Below, some lines carry pictures; leave those pictures out and retype exactly the lines from the one with "Note that we" through the one with "梅陇镇文明办、梅陇镇社区志愿".

• [The data]
= Beginning of Section =

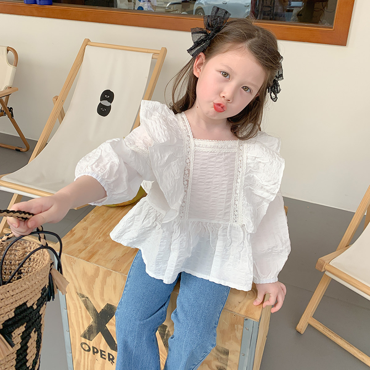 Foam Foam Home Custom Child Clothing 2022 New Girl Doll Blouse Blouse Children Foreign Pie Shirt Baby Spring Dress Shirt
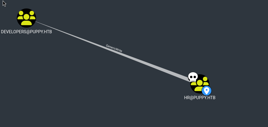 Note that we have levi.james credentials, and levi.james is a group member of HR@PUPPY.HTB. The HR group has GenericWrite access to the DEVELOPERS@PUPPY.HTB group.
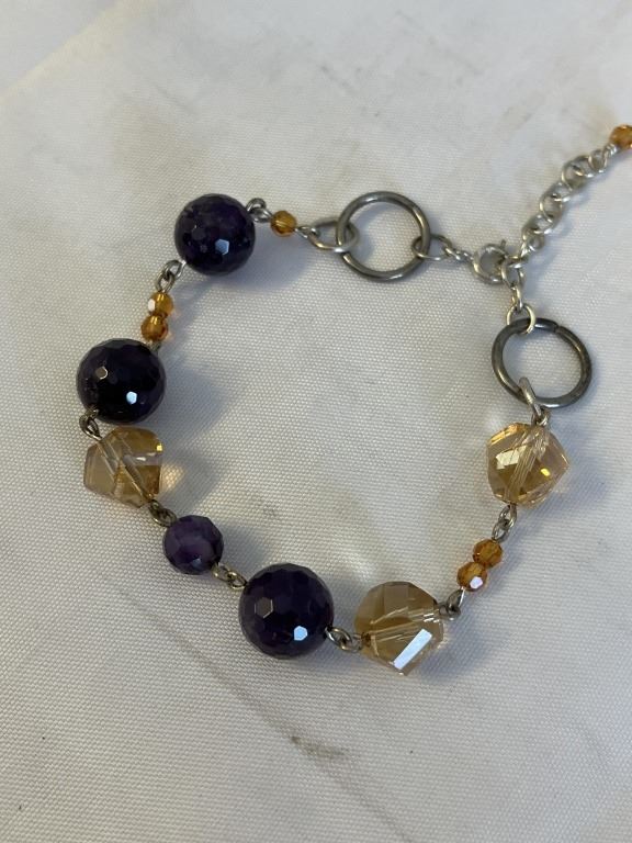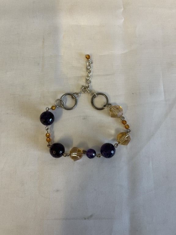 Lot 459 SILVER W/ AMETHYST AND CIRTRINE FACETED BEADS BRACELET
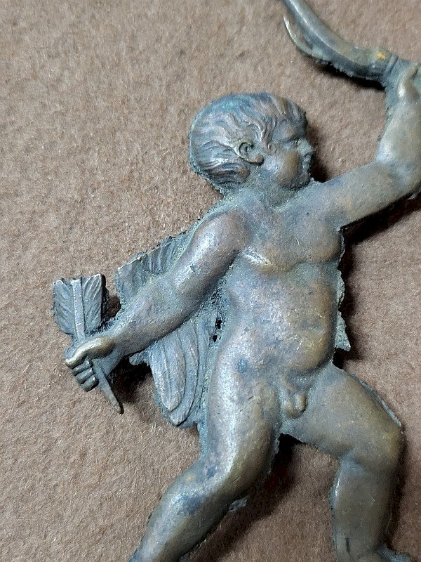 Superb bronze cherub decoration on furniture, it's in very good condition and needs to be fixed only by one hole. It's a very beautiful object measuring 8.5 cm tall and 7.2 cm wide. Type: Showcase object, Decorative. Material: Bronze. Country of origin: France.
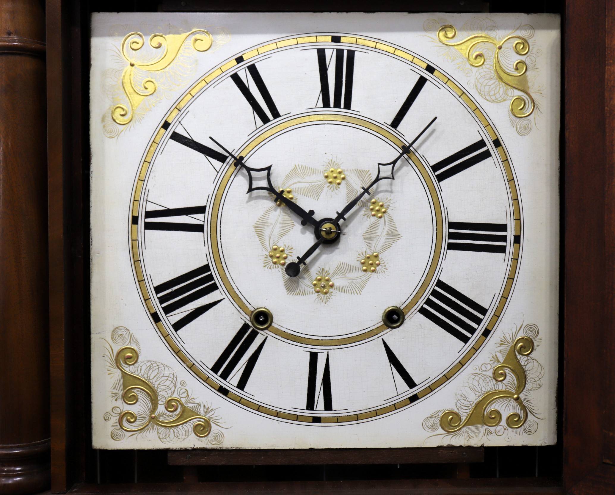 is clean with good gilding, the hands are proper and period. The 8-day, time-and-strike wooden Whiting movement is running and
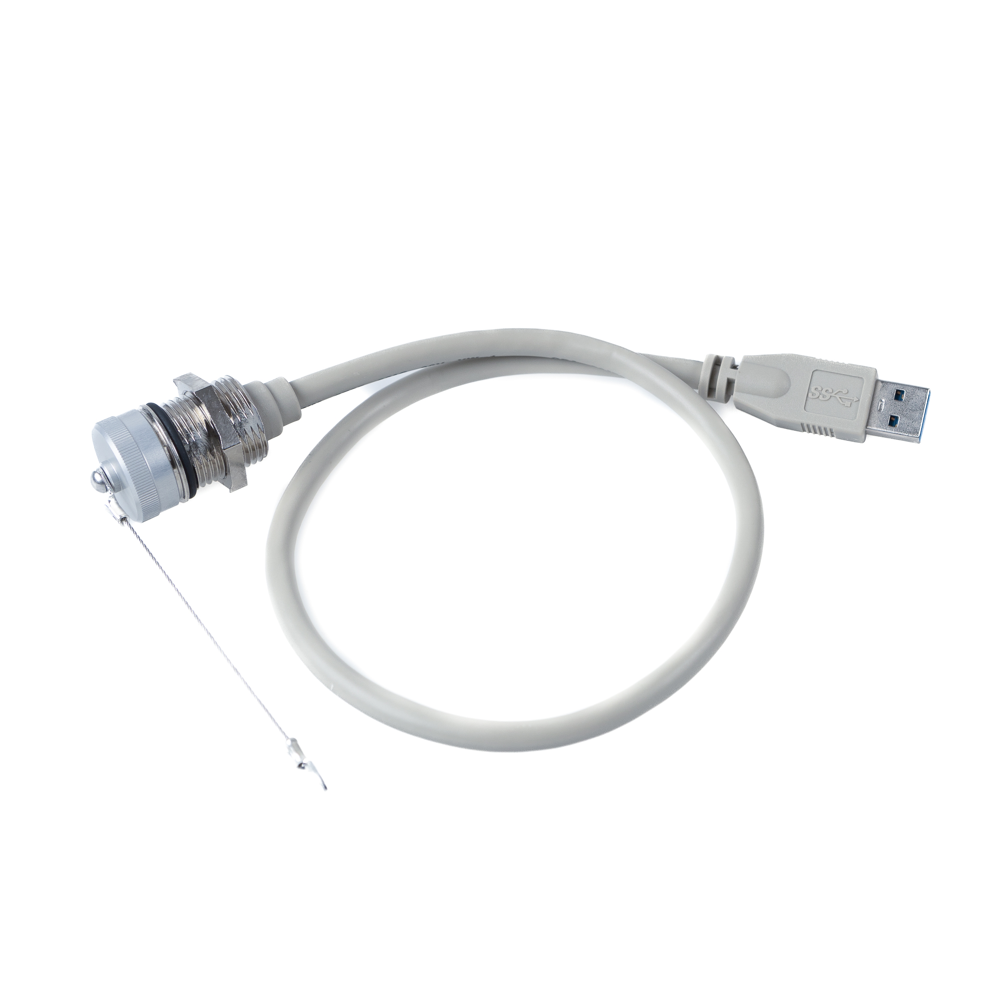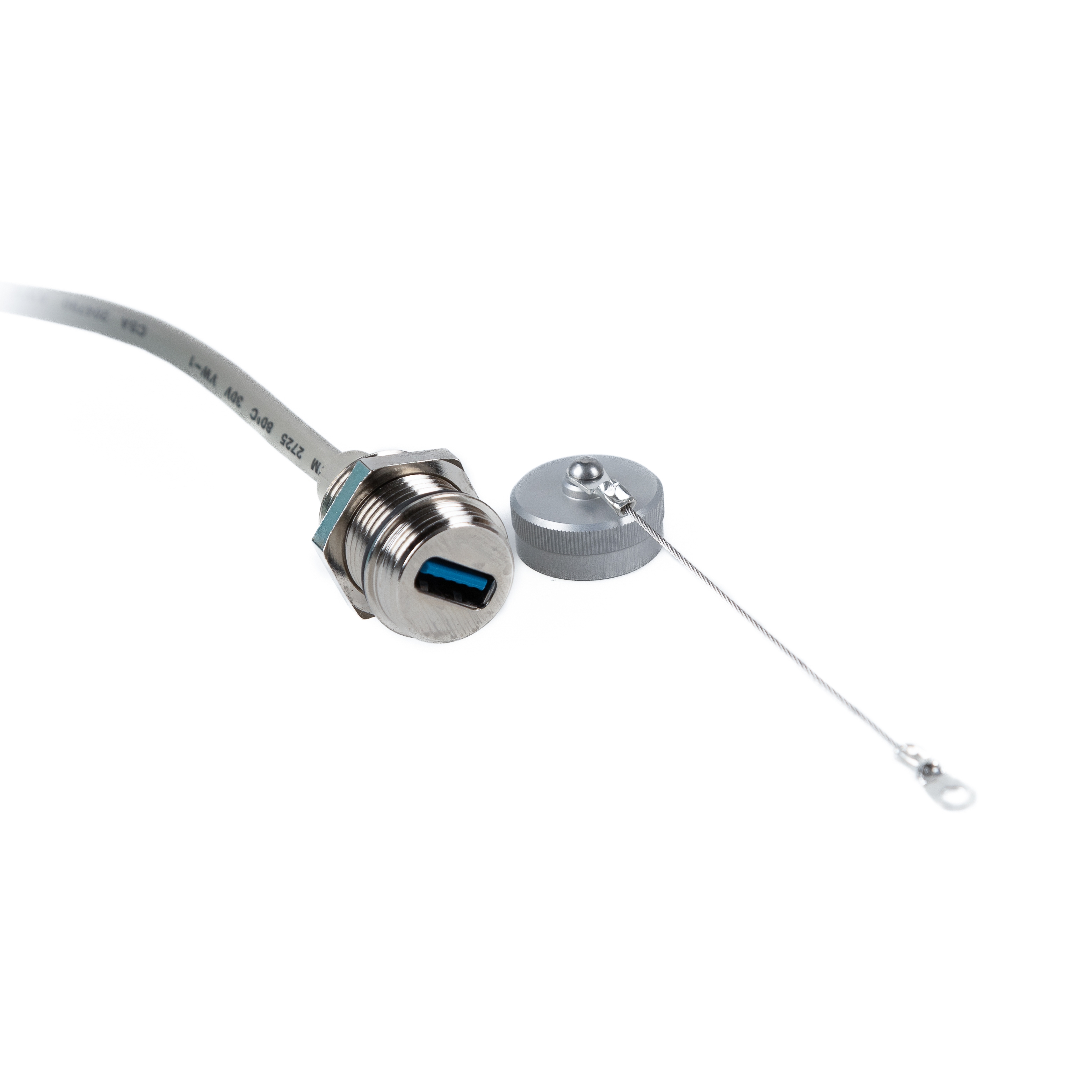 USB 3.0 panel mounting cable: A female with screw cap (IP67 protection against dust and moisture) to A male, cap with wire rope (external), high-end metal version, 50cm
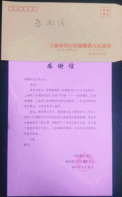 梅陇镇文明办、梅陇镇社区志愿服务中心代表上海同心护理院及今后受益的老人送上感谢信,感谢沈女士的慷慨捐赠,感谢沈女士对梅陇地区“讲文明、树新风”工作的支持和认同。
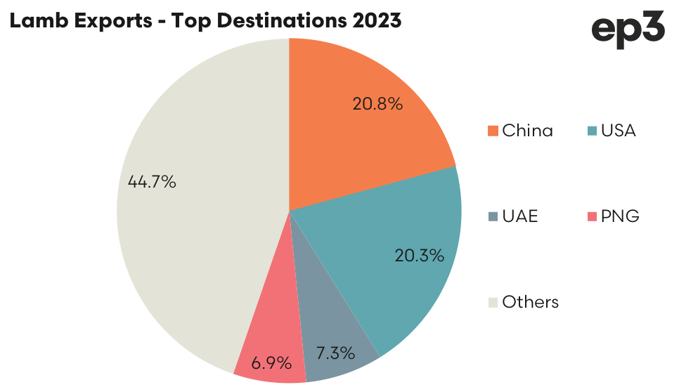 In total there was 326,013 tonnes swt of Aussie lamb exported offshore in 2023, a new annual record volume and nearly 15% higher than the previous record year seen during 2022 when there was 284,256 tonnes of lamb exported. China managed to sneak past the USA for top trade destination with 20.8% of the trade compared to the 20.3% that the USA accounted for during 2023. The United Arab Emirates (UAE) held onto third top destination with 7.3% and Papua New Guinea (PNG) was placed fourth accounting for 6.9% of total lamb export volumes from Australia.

= End of Section =
= Beginning of Section =

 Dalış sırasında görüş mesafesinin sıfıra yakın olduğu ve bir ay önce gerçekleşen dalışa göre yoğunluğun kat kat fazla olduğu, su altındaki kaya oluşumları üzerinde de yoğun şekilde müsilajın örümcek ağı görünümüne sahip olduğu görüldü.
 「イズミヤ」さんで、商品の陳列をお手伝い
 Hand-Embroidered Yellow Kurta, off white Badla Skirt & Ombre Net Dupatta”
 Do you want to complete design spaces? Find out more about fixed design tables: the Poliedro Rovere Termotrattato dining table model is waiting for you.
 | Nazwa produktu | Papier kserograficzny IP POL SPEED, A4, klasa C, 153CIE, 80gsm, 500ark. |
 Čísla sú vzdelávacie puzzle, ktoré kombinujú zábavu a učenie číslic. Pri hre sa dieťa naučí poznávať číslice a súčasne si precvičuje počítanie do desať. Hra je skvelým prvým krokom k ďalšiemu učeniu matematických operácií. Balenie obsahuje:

= End of Section =

• [Completed task]
 Note that we have levi.james credentials, and levi.james is a group member of HR@PUPPY.HTB. The HR group has GenericWrite access to the DEVELOPERS@PUPPY.HTB group.
 Lot 459 SILVER W/ AMETHYST AND CIRTRINE FACETED BEADS BRACELET
 Superb bronze cherub decoration on furniture, it's in very good condition and needs to be fixed only by one hole. It's a very beautiful object measuring 8.5 cm tall and 7.2 cm wide. Type: Showcase object, Decorative. Material: Bronze. Country of origin: France.
 is clean with good gilding, the hands are proper and period. The 8-day, time-and-strike wooden Whiting movement is running and
 USB 3.0 panel mounting cable: A female with screw cap (IP67 protection against dust and moisture) to A male, cap with wire rope (external), high-end metal version, 50cm
 梅陇镇文明办、梅陇镇社区志愿服务中心代表上海同心护理院及今后受益的老人送上感谢信,感谢沈女士的慷慨捐赠,感谢沈女士对梅陇地区“讲文明、树新风”工作的支持和认同。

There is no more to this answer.